Qualified Retirement Plans (QRP)

You may have made both before-tax and after-tax contributions to your qualified employer sponsored retirement plan such as a 401(k), 403(b) or governmental 457(b). These after-tax amounts aren’t the same as amounts contributed to a designated Roth account in your plan. When separating from service, the entire plan balance, including any after-tax funds, can be rolled over to a traditional IRA. Under the pro-rata rule, once you roll over after-tax plan assets to a traditional IRA, you must keep a separate accounting for these amounts on IRS form 8606, which will represent basis in your traditional IRA. Instead, it is generally advisable to roll over after-tax contributions (basis) to a Roth IRA, while all before-tax amounts (including earnings on after-tax contributions) are rolled to a traditional IRA. See Convert QRP After-Tax Amounts below for additional information regarding partial distributions.

Pro-rata calculation

In order to determine the percentage of each IRA distribution that is not taxable, first, total the after-tax dollars in all of your traditional IRAs. After-tax dollars include non-deductible IRA contributions, repaid reservist distributions, or rollovers of after-tax dollars from a QRP (the amounts can be found on your IRS form 8606). Then, divide this amount by the 12/31 balance of all your traditional IRAs combined. Next, multiply that percentage by the amount of all traditional IRA distributions. The calculated amount represents the tax-free portion, and the balance of the traditional IRA distribution is taxable. Form 8606 should be filed if you take a distribution of after-tax amounts, and can be used to complete this calculation. You must also include all distributions including conversions and any outstanding rollovers* in that balance.

pro rata formula
pro rata formula

Note: Calculations done prior to the end of the distribution year may not reflect the actual tax-free portion. This is because the calculation is based on the 12/31 value of your IRAs.
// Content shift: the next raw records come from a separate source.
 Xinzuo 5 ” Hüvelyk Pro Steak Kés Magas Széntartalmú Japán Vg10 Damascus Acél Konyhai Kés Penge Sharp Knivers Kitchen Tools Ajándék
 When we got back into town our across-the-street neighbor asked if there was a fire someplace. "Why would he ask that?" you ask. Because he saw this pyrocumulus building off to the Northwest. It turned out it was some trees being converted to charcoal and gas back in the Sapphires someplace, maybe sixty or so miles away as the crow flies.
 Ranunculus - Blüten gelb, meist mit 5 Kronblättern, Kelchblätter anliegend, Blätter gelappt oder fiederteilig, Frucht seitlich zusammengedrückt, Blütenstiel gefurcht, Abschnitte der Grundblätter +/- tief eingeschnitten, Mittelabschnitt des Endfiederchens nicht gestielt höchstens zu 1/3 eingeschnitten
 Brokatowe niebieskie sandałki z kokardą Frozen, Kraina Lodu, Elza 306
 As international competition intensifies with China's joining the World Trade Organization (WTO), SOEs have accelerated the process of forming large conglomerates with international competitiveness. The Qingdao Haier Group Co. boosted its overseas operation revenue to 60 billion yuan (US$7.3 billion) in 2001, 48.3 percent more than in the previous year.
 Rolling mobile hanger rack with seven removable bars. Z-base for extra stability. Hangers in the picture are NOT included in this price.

Pro-rata and Roth conversion

The same pro-rata formula applies when calculating the taxes due on a Roth conversion. However, the pro-rata rule does not apply to Roth IRA distributions. Non-qualified Roth IRA distributions are subject to a different set of rules called ordering rules.
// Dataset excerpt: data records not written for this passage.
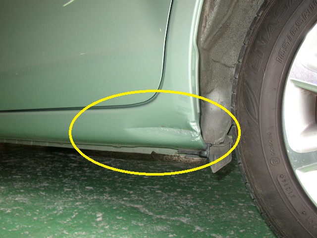 トヨタ パッソ 縁石のぶつけた左ステップの板金修理 (東京都 青梅市)
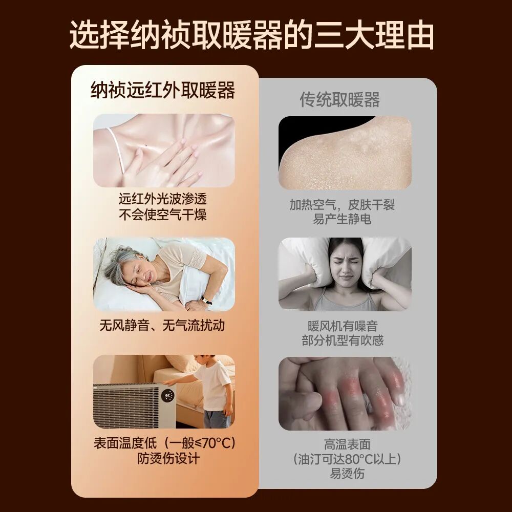 健康采暖:发射 4~16um 远红外线,热能深入渗透,温暖同频共振,仿若煦日怀抱。 -
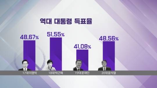 지난 대선에서는 윤석열 전 대통령이 48.56%의 득표율을 냈습니다.
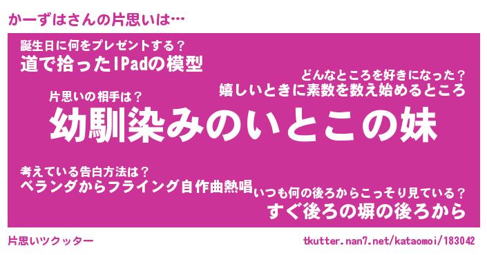 | 男性向けラノベタイトル風あだ名 | 『かーずはの憂鬱』 |
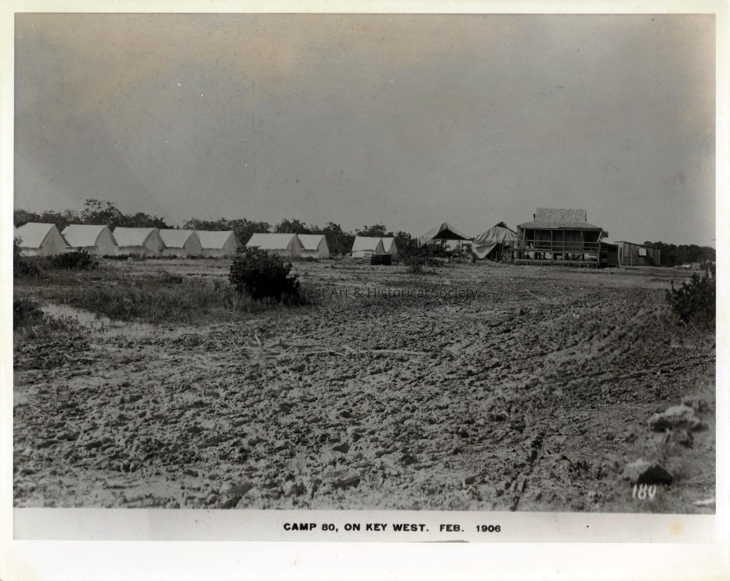 Black and white photograph of Florida East Coast Railway construction workers at Camp 80 on Key West.

Convert QRP after-tax amounts

You do not have to roll your after-tax non-Roth QRP amounts to a traditional IRA. Instead you could (and probably should) choose to roll them to a Roth IRA as a conversion.
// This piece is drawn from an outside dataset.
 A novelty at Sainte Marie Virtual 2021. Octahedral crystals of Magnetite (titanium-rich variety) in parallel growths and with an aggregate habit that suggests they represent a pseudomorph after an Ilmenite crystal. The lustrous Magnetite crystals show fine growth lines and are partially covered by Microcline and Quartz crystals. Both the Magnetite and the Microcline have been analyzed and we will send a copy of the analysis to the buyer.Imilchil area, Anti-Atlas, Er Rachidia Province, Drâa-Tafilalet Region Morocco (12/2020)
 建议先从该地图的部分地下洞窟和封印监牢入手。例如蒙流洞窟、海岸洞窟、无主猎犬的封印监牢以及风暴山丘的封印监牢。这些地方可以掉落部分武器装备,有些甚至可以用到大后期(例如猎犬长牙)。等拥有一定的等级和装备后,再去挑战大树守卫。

A partial distribution from a QRP must include a proportional share of the before and after-tax amounts in the account. It is important to know that you can allocate the before and after-tax eligible distributions to more than one destination, such as a new employer’s QRP, a traditional IRA, a Roth IRA and/or yourself. This allows you the option to elect a direct rollover of the before-tax basis to a traditional IRA without any tax liability and then roll the after-tax amounts to a Roth IRA as a tax-free conversion. Additionally, you could have the distribution made payable to you and within 60 days decide to convert some or the entire amount to your Roth IRA.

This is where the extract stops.